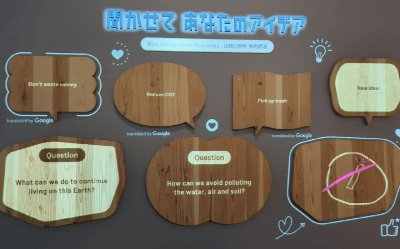 What particularly strikes me about the exhibits is the way in which they invite people to actively learn and participate. The informational exhibits all strive to present information in a way that makes it tangible and easier for people to understand important details, and consequences, of each problem. A section on overfishing features the complaint "I like sushi ... but we may not be able to eat sushi casually in the future, right?". At least two of the exhibits end with an interactive section, which asks a question related to the content and invites people to provide their own answers. An exhibit on solving the Earth's resource problems takes the form of a game.
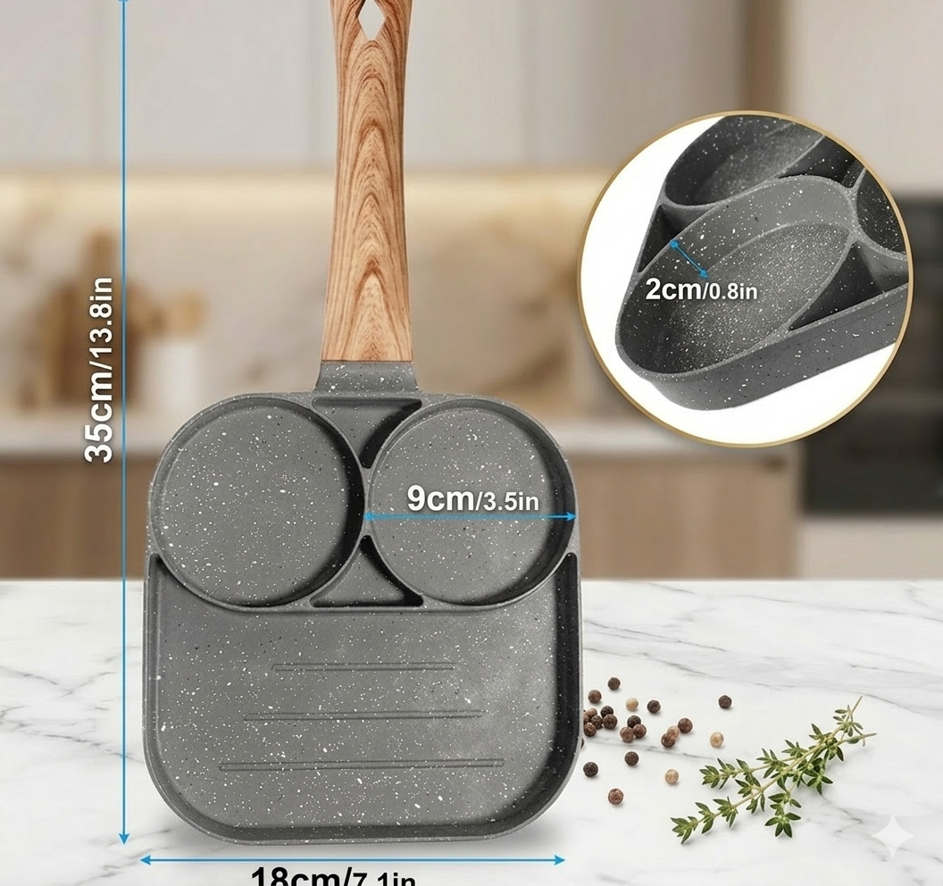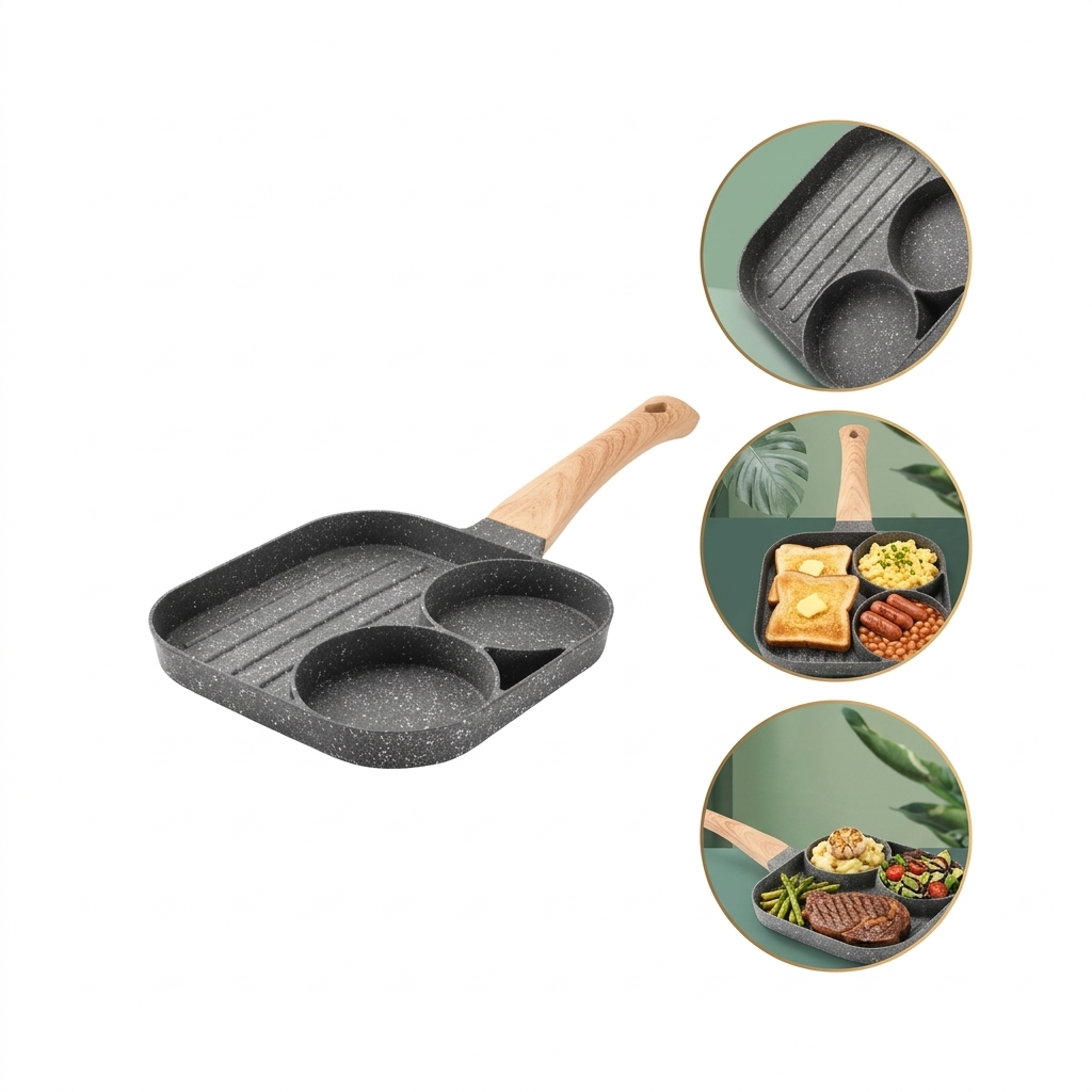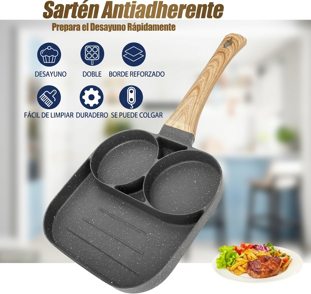 Esta sartén antiadherente multifuncional es la herramienta definitiva para optimizar tus mañanas, permitiéndote cocinar un desayuno completo en un solo lugar gracias a su diseño inteligente de tres compartimentos. Fabricada con un acabado de granito duradero y elegante, cuenta con dos secciones circulares ideales para lograr huevos o panqueques perfectamente moldeados, junto con una amplia sección estriada tipo grill para dorar carnes y vegetales con un acabado profesional.
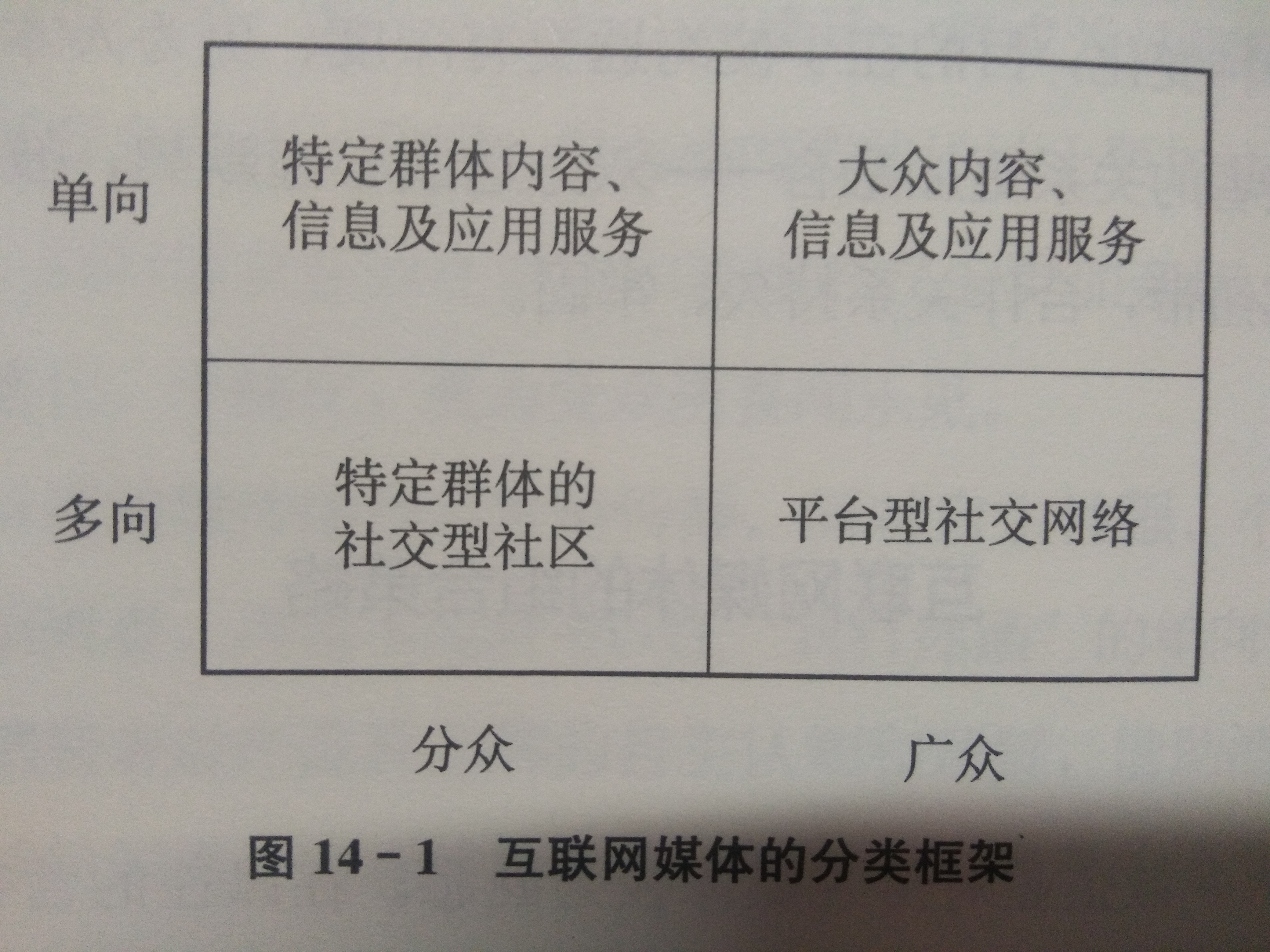 互聯(lián)網(wǎng)是一個連接眾多主體、匯集和流轉(zhuǎn)各類信息的巨大平臺。在這個空間內(nèi),媒體種類繁雜,呈離散式、分布式結(jié)構(gòu)(無中心),總的來說,互聯(lián)網(wǎng)媒體中既有搜索、社交平臺等領(lǐng)域的少數(shù)短頭,也有數(shù)量龐大、形態(tài)各異的長尾(包括各類小范圍的社會化媒體以及自媒體等),就后者而言,互聯(lián)網(wǎng)媒體具有碎片化的特征。由于互聯(lián)網(wǎng)媒體形態(tài)復雜,因此有必要對它們進行分類。在此,我們提出一個二維分類框架: 維度之一是媒體影響人群的廣度和范圍;維度之二是媒體信息通道上信息傳遞和流轉(zhuǎn)的方向,由此形成四個象限(見圖14-1)。

● ● ● ●

PROBLEM => Copy the listing word for word, excluding its pictures.

RESULT OF THIS EXERCISE =>
 What particularly strikes me about the exhibits is the way in which they invite people to actively learn and participate. The informational exhibits all strive to present information in a way that makes it tangible and easier for people to understand important details, and consequences, of each problem. A section on overfishing features the complaint "I like sushi ... but we may not be able to eat sushi casually in the future, right?". At least two of the exhibits end with an interactive section, which asks a question related to the content and invites people to provide their own answers. An exhibit on solving the Earth's resource problems takes the form of a game.
 Esta sartén antiadherente multifuncional es la herramienta definitiva para optimizar tus mañanas, permitiéndote cocinar un desayuno completo en un solo lugar gracias a su diseño inteligente de tres compartimentos. Fabricada con un acabado de granito duradero y elegante, cuenta con dos secciones circulares ideales para lograr huevos o panqueques perfectamente moldeados, junto con una amplia sección estriada tipo grill para dorar carnes y vegetales con un acabado profesional.
 互聯(lián)網(wǎng)是一個連接眾多主體、匯集和流轉(zhuǎn)各類信息的巨大平臺。在這個空間內(nèi),媒體種類繁雜,呈離散式、分布式結(jié)構(gòu)(無中心),總的來說,互聯(lián)網(wǎng)媒體中既有搜索、社交平臺等領(lǐng)域的少數(shù)短頭,也有數(shù)量龐大、形態(tài)各異的長尾(包括各類小范圍的社會化媒體以及自媒體等),就后者而言,互聯(lián)網(wǎng)媒體具有碎片化的特征。由于互聯(lián)網(wǎng)媒體形態(tài)復雜,因此有必要對它們進行分類。在此,我們提出一個二維分類框架: 維度之一是媒體影響人群的廣度和范圍;維度之二是媒體信息通道上信息傳遞和流轉(zhuǎn)的方向,由此形成四個象限(見圖14-1)。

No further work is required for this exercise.